年 度2007年2008年2009年2010年
生活保護利用世帯数154万3321人159万2629人176万3572人195万2063人
生活保護費総額2兆6175億円2兆7006億円3兆0072億円3兆3296億円
不正受給件数15,979件18,623件19,726件25,355件
不正受給件数の割合1.44%1.62%1.54%1.80%
不正受給額91億8299万106億1798万円102億1470万円128億7425万円
不正受給額の割合0.35%0.39%
0.34%
0.38%

不正受給の件数は全体の2%以下です。不正受給の額は全体の支給額の0.4%以下となっており、件数、金額ともに全体に占める割合は決して多くないことが分かります。

もちろん悪質な不正受給には厳しく対処する必要がありますが、不正受給の被害が甚大と誤解し、必要以上に厳しく取り締まることで、本来保護が必要な人が受けられないことの方が問題です。



最近の動向はどうなのでしょうか?

厚生労働省によれば、2016年度の生活保護費の不正受給の件数は4万4466件となり、過去最多を更新しました。不正受給の合計額は約167億円でした。不正受給の件数は増えていますが、不正受給の額は全体の支給額の0.45%で、大幅に増えているわけではありません。不正受給防止のための調査を強化し、不正受給とみなされるケースが増えたことで件数が増加し、一方で早期に発見されることにより金額ベースではそこまで増えていない、といった感じでしょうか。

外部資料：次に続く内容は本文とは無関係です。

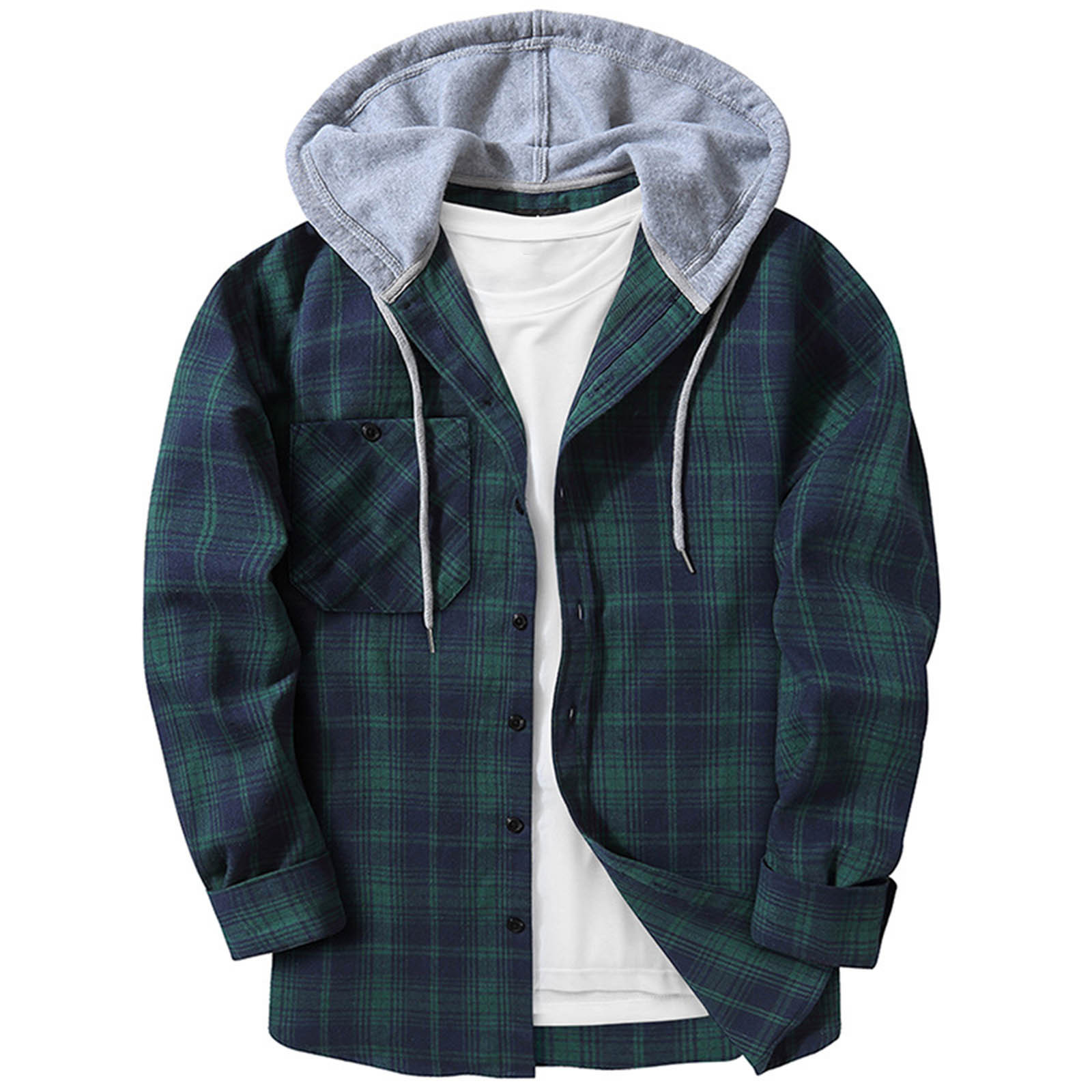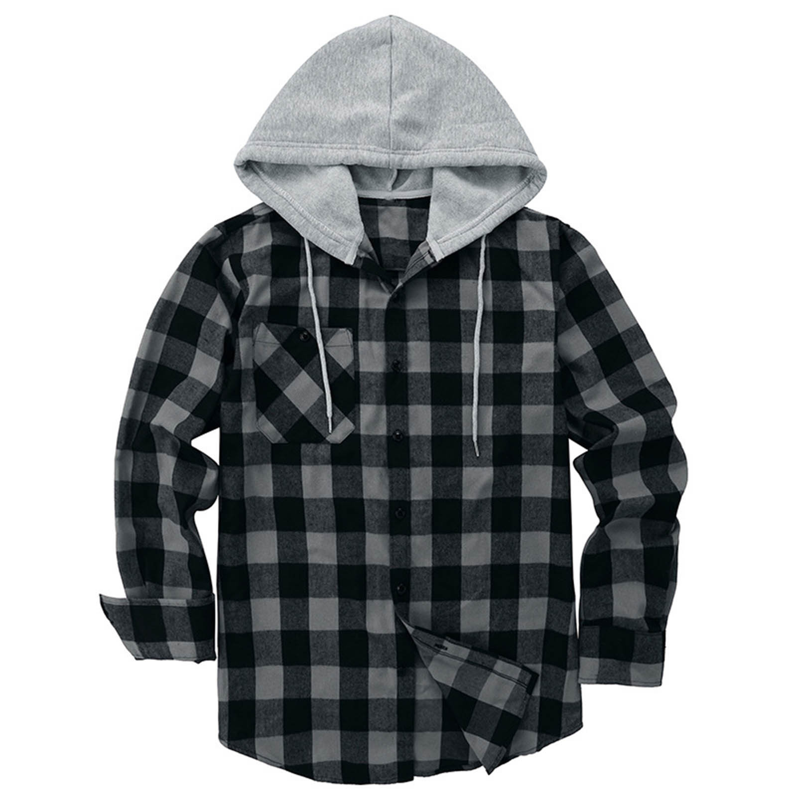 국경 간 후드 체크 셔츠 남자 2023 년 대외 무역 가을 하라주쿠 스타일 격자 무늬 후드 셔츠 남자 캐주얼 셔츠스토어 가기

この後不正受給の件数は3年連続で減少し、2019年度には3万2392件となっています。不正受給の総額は129億6089万5千円と大幅に減少しました。2019年度の生活保護費が3.8兆円(令和3年度当初予算)だったので、不正受給の割合は0.34%まで減少しています。

以上のことから、近年になって特に悪質な不正受給が横行している、といったことは決してないということができます。